Omdat een struct een waardetype is, ontvangt en werkt de methode op een kopie van het structargument wanneer u een struct per waarde doorgeeft aan een methode. De methode heeft geen toegang tot de oorspronkelijke struct in de aanroepmethode en kan deze daarom op geen enkele manier wijzigen. De methode kan alleen de kopie wijzigen.
Een klasse-exemplaar is een verwijzingstype dat geen waardetype is. Wanneer een verwijzingstype wordt doorgegeven aan een methode, ontvangt de methode een kopie van de verwijzing naar het klasse-exemplaar. Beide variabelen verwijzen naar hetzelfde object. De parameter is een kopie van de verwijzing. De aangeroepen methode kan het exemplaar niet opnieuw toewijzen in de aanroepmethode. De aangeroepen methode kan echter de kopie van de verwijzing gebruiken om toegang te krijgen tot de leden van het exemplaar. Als de aangeroepen methode een exemplaarlid wijzigt, ziet de aanroepmethode deze wijzigingen ook omdat deze verwijst naar hetzelfde exemplaar.
De uitvoer van het volgende voorbeeld illustreert het verschil. De methode ClassTaker
wijzigt de waarde van het willIChange
veld omdat de methode het adres in de parameter gebruikt om het opgegeven veld van het klasse-exemplaar te vinden. Het willIChange
veld van de aanroepmethode in de aanroepmethode verandert niet van aanroepen StructTaker
omdat de waarde van het argument een kopie is van de struct zelf, niet een kopie van het adres. StructTaker
wijzigt de kopie en de kopie gaat verloren wanneer de aanroep StructTaker
is voltooid.
class TheClass
{
public string? willIChange;
}
struct TheStruct
{
public string willIChange;
}
class TestClassAndStruct
{
static void ClassTaker(TheClass c)
{
c.willIChange = "Changed";
}
static void StructTaker(TheStruct s)
{
s.willIChange = "Changed";
}
public static void Main()
{
TheClass testClass = new TheClass();
TheStruct testStruct = new TheStruct();
testClass.willIChange = "Not Changed";
testStruct.willIChange = "Not Changed";
ClassTaker(testClass);
StructTaker(testStruct);
Console.WriteLine("Class field = {0}", testClass.willIChange);
Console.WriteLine("Struct field = {0}", testStruct.willIChange);
}
}
/* Output:
Class field = Changed
Struct field = Not Changed
*/
Combinaties van parametertype en argumentmodus
Hoe een argument wordt doorgegeven en of het een verwijzingstype of waardetype is, bepaalt welke wijzigingen in het argument zichtbaar zijn vanuit de aanroeper:
- Wanneer u een waardetype op waarde doorgeeft:
- Als de methode de parameter toewijst om naar een ander object te verwijzen, zijn deze wijzigingen niet zichtbaar in de aanroeper.

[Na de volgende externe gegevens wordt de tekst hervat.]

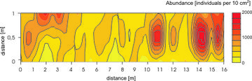 Large numbers of microscopic organisms occupy the system of interstitial canals. This porous system averages 40% of the total sediment volume. On the average abundance of metazoans organisms amount to 106 – 108 individuals per square meter.These values vary according to season, latitude, exposure, grain size etc. Populations of sandy beach animals are not randomly distributed, of course. The majority of the meiofauna has been found in the upper 2 cm layer. And this vertical zonation is mainly controlled by redox potential discontinuity level. Across sandy habitats species are also often restricted to certain zones – horizontal zonation. Additionally it is well known meiofauna is patchy distributed, even in very small scale, but causes of such distributions are still difficult to define (Figure 4).
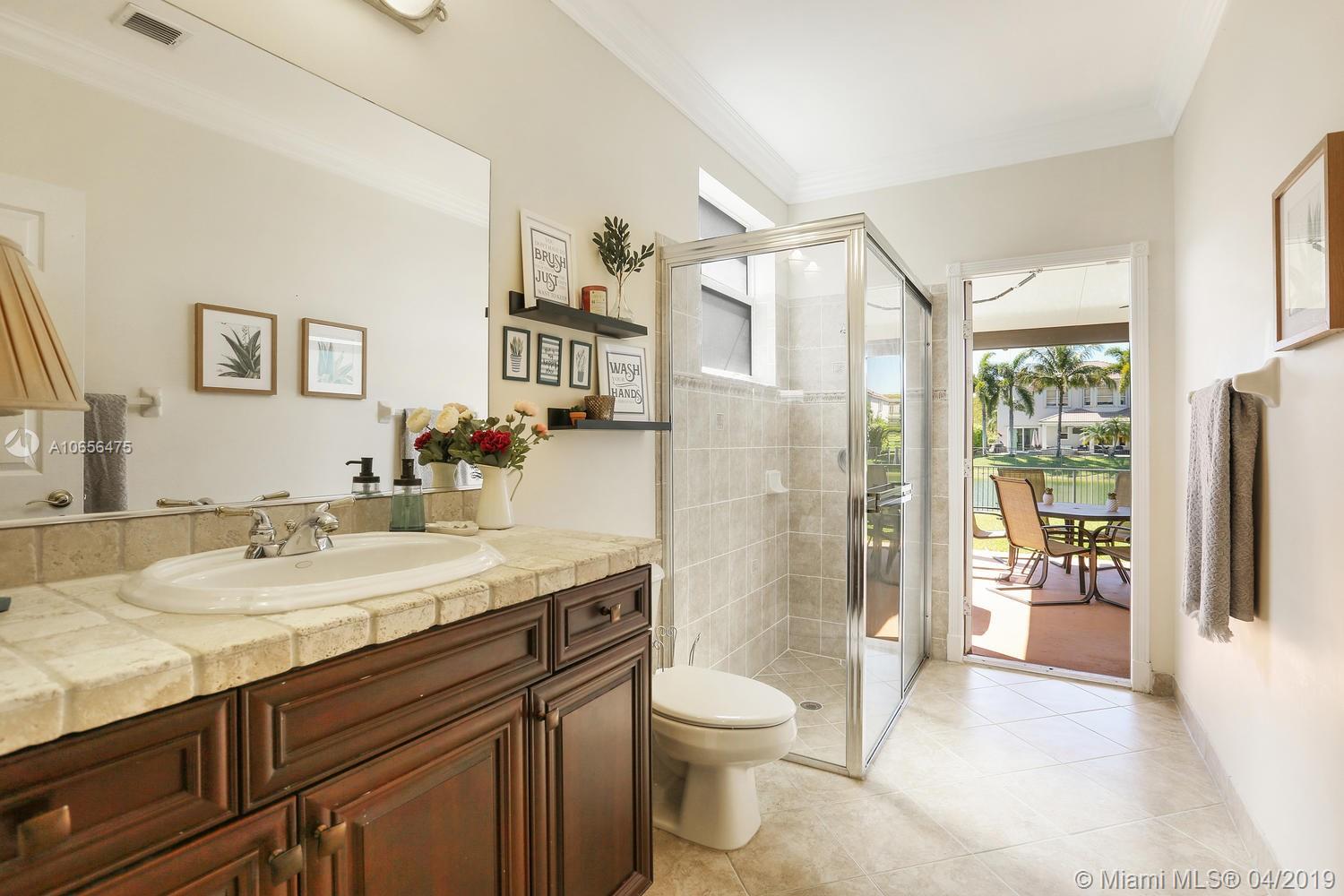 Located in the sought-after guard-gated community of Riviera Isles, this waterfront home has it all! Cathedral ceilings top the wide open floor plan with areas for formal and casual gatherings. A covered waterside patio allows comfortable outdoor events with a view! Expansive master suite with sitting area is located upstairs along with 2 additional bedrooms and Jack & Jill bath. The 4th bedroom and full bath are entry level no stairs required! Complete hurricane protection with accordion shutters upstairs. Riviera Isles boasts a grand clubhouse with a community pool, tennis court, sauna, fitness center, children's play area, trails and more. No HOA approval required. Call today for your private tour!

- Als de methode de status wijzigt van het object waarnaar wordt verwezen door de parameter, zijn deze wijzigingen niet zichtbaar vanuit de aanroeper.
- Wanneer u een verwijzingstype op waarde doorgeeft:
- Als de methode de parameter toewijst om naar een ander object te verwijzen, zijn deze wijzigingen niet zichtbaar in de aanroeper.
- Als de methode de status wijzigt van het object waarnaar wordt verwezen door de parameter, zijn deze wijzigingen zichtbaar vanuit de aanroeper.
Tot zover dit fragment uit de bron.